On examination, she was afebrile, hemodynamically stable, and had a body mass index (BMI) of 35. Head and neck exam was significant for a moderate macroglossia. No periorbital edema or lymphadenopathy were noted. Cardiac examination revealed irregular heart sounds and a mid systolic murmur. Auscultation of the chest revealed decreased air entry over the bases bilaterally. There was no hepatosplenomegaly. Bilateral pretibial edema was noted. Pertinent laboratory findings are summarized in Table 1.
Imaging
Computed tomography (CT) chest with pulmonary embolism (PE) protocol was negative, but showed small-to-moderate bilateral pleural effusions. Abdominal ultrasound showed no hepatosplenomegaly. X-ray skeletal survey did not show any lytic lesions. A transthoracic echocardiogram showed mild concentric hypertrophy of the left ventricle (LV) with normal systolic function (ejection fraction of 65–70%), grade 1 diastolic dysfunction with impaired relaxation pattern, mild pulmonary hypertension [right ventricular systolic pressure (RVSP), 44 mmHg], moderate aortic sclerosis, mild bilateral atrial enlargement, interventricular septal enlargement at 12 mm (6–9 mm), and dilated inferior vena cava (IVC) with diminished inspiratory collapse consistent with increased right atrial pressure (RAP) of 15–20 mmHg (2–6 mmHg).

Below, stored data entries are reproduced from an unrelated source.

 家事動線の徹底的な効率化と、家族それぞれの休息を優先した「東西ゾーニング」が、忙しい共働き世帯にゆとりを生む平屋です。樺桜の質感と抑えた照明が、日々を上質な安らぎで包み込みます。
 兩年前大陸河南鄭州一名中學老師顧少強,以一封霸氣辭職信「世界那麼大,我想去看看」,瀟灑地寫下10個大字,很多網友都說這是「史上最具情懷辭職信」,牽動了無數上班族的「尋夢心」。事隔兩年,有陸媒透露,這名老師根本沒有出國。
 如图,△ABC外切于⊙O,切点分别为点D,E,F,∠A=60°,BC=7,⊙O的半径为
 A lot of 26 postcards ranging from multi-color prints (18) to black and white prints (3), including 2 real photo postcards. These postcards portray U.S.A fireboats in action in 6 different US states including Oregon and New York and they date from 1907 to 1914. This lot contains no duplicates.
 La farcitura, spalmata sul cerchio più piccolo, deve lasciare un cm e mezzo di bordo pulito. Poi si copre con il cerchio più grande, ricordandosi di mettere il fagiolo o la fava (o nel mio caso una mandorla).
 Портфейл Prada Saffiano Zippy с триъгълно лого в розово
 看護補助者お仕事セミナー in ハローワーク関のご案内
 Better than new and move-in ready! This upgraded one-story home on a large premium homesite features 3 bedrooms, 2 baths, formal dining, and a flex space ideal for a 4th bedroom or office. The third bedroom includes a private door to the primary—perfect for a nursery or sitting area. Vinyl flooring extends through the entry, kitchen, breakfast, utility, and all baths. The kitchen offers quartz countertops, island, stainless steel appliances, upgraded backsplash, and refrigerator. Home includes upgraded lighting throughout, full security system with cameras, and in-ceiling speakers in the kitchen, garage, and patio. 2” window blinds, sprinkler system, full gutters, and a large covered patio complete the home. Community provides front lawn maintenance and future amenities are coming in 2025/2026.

Features suggestive of constrictive pathology were noted. Further workup with cardiac magnetic resonance imaging (MRI) showed mild concentric left ventricular (LV) hypertrophy. However, classic feature of cardiac amyloidosis (diffuse sub endocardial delayed enhancement) was not seen.
Pathology
Abdominal fat pad biopsy showed benign fatty tissue with negative staining for Congo Red. Bone marrow aspiration and biopsy showed a slightly hypercellular marrow with 10% monoclonal (lambda-restricted) plasma cells. Further pathology revealed rare blood vessels within the periosteum with amorphous deposit positive for Congo Red stain, suggestive of amyloidosis. Proteomic analysis by mass spectrometry of Congo Red positive material indicated amyloid deposition consistent with light chain immunoglobulin type (AL) amyloidosis. Although cardiac MRI did not show classic sign of cardiac amyloidosis, right ventricular biopsy revealed features consistent with infiltrative cardiomyopathy with Congo Red staining positive for amyloid deposits, which was confirmed to be AL amyloidosis by mass spectrometry.

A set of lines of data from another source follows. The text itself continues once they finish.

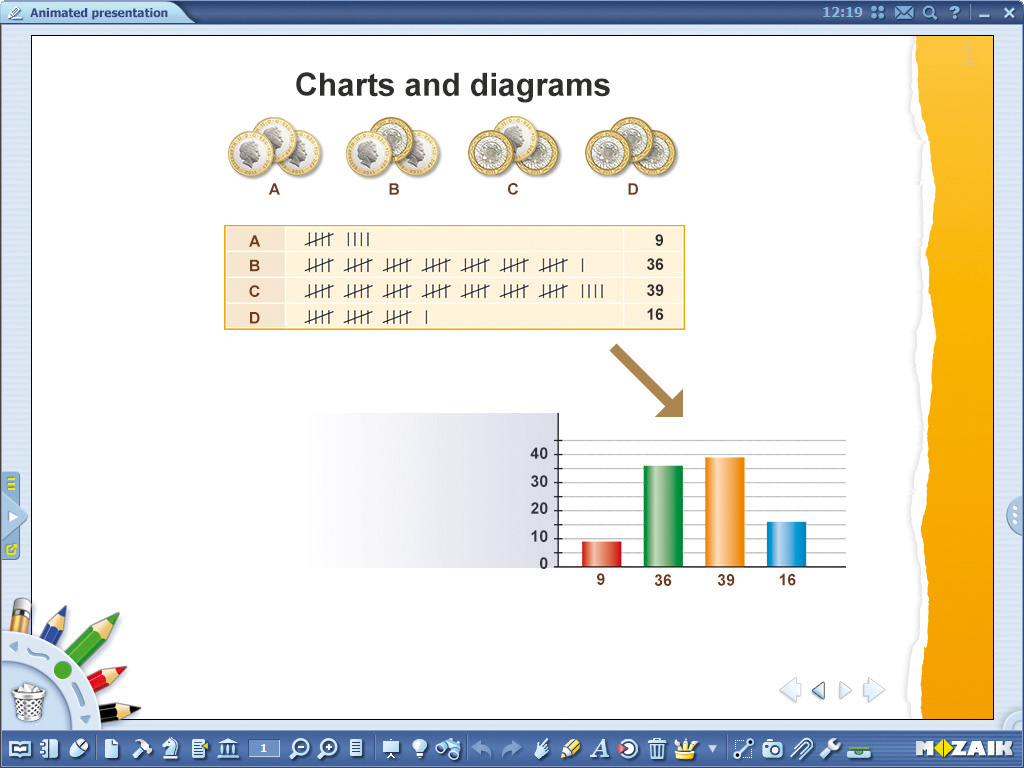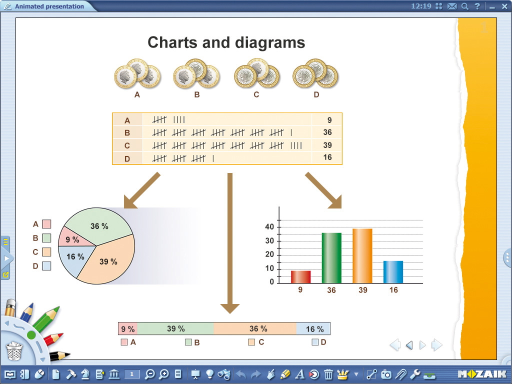 The mozaBook Animation editor is an excellent tool for spectacularly presenting a process or chain of thought and making interesting exercises, maintaining pupils' attention. It is only our imagination which can limit the possibilities, not the available tools or animation opportunities at our disposal.
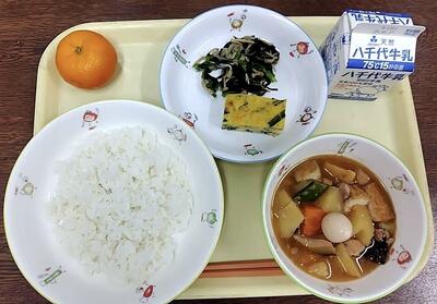 牛乳 ご飯 大根のそぼろ汁 いわしのかば焼き 中華くらげ 冷凍みかん
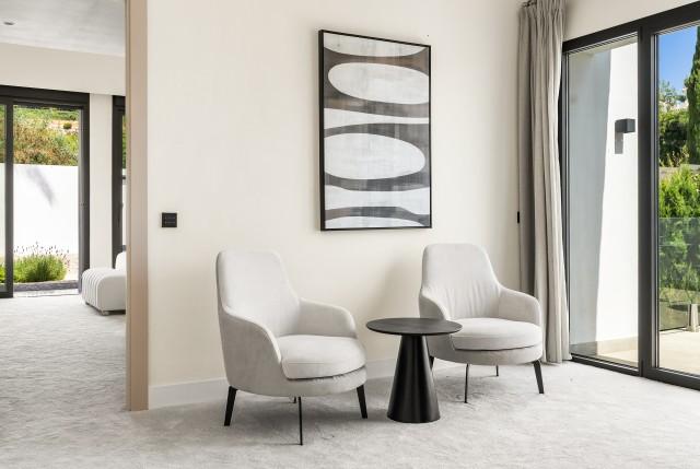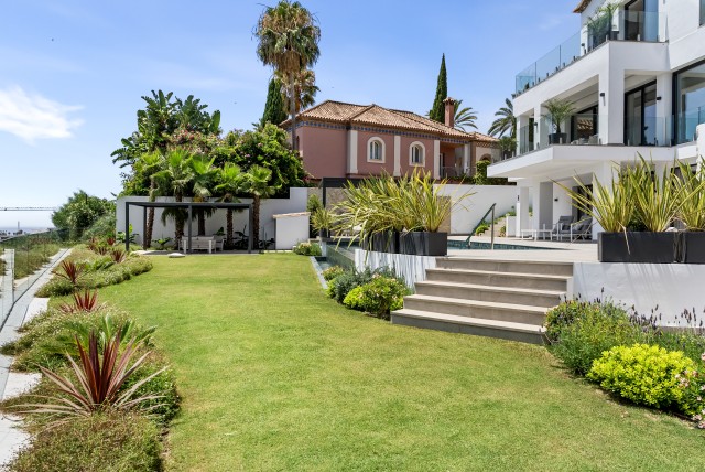 À l'extérieur, de magnifiques jardins paysagers entourent une piscine d'eau salée chauffée, avec de vastes terrasses conçues pour les repas en plein air et la détente au soleil. La propriété comprend également un garage pour trois voitures ainsi qu'une allée de stationnement supplémentaire, le tout dans la sécurité et la sérénité de l'une des résidences les plus prisées de la Costa del Sol.
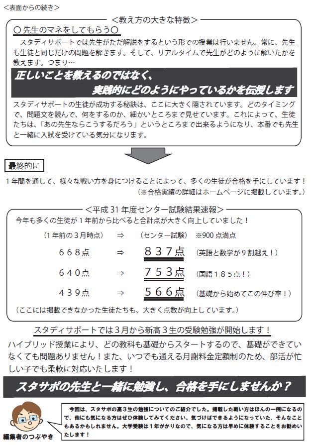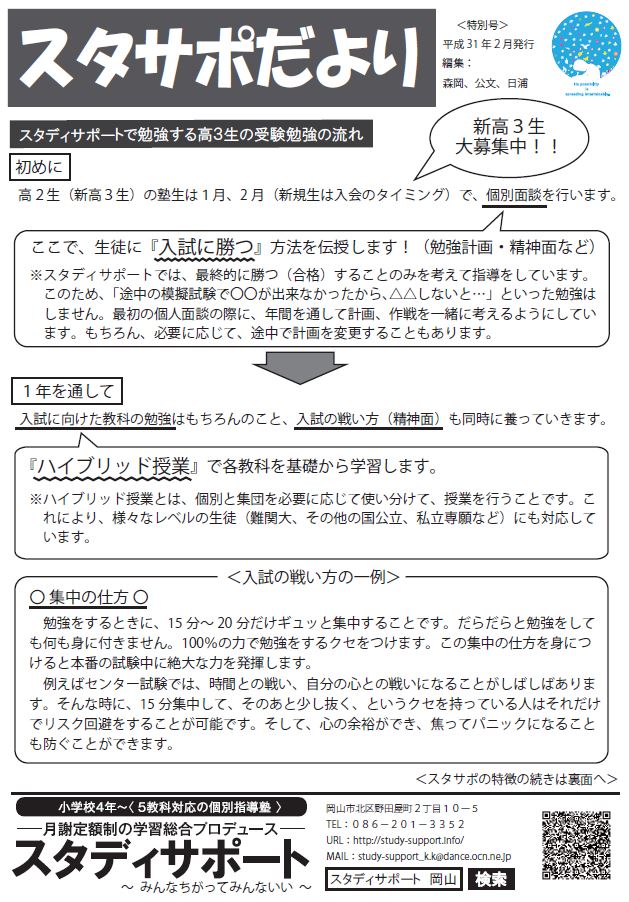 <「スタサポだより」特別号(高3)>

Management and clinical course
Patient was diagnosed with systemic amyloidosis with bone marrow and cardiac involvement, stage III on the basis of elevated NT-proBNP [980 ng/L (< 100)] and troponin [0.02 ng/L (< 0.1)], with an associated median survival of 4.1 months [9]. Patient was enrolled in a phase III clinical trail with cyclophosphamide, bortezomib, and dexamethasone with or without daratumumab. Unfortunately, her disease course was complicated by acute on chronic renal impairment requiring hemodialysis 2 weeks into her treatment, and 2 weeks afterwards, the patient and her family decided to make her comfortable and she was transitioned to hospice.
Discussion
Immunoglobulin D (IgD) monoclonal gammopathy is rare, affecting only 0.5% of patients with monoclonal gammopathy [12]. Interestingly, the presence of monoclonal IgD is almost always associated with multiple myeloma (MM), AL amyloidosis, or plasma cell leukemia; with only case reports of IgD monoclonal gammopathy of undetermined significance (MGUS) present in the literature [12]. Patients with IgD MM tend to present younger, have more severe disease, and are more likely to have extra medullary disease and poorer prognosis [13, 14]. Though not well studied, IgD AL amyloidosis is estimated to make up 1.3% of cases of AL amyloidosis and does not seem to have a survival disadvantage as in IgD MM [15]. However, patients with IgD MM are more likely to have concurrent AL amyloidosis (19–44%) when compared with non-IgD MM [16,17,18].
Cardiac amyloidosis is often the best predictor of mortality and morbidity [19] in systemic amyloidosis compared with other organ involvement [6]. It is an infiltrative disease that can be caused by many subtypes of systemic amyloidosis, with greater than 98% being caused by transthyretin (ATTR) or AL amyloidosis [20]. The former is reported to involve the heart in almost all cases, depending on the mutation, while the latter affects the heart 50–70% of the time [3, 20]. Cardiac AL amyloidosis can usually be diagnosed when there is evidence of monoclonal gammopathy, amyloidosis in another organs (usually via fat pad biopsy) and classic imaging evidence of cardiac involvement, particularly MRI. However, as in this case, ventricular biopsy is sometimes required for diagnosis, especially when classic MRI changes are not evident [3, 20]. Cardiac AL amyloidosis has a median survival of 24 months after diagnosis, compared to 31–69 months in ATTR amyloidosis [20]. The presence of heart failure at the time of diagnosis, as in this case, is associated with a poor median survival of 6 months [20]. Treatment is the same as with other organ involvement and is targeted at the underlying plasma cell dyscrasia [3, 20].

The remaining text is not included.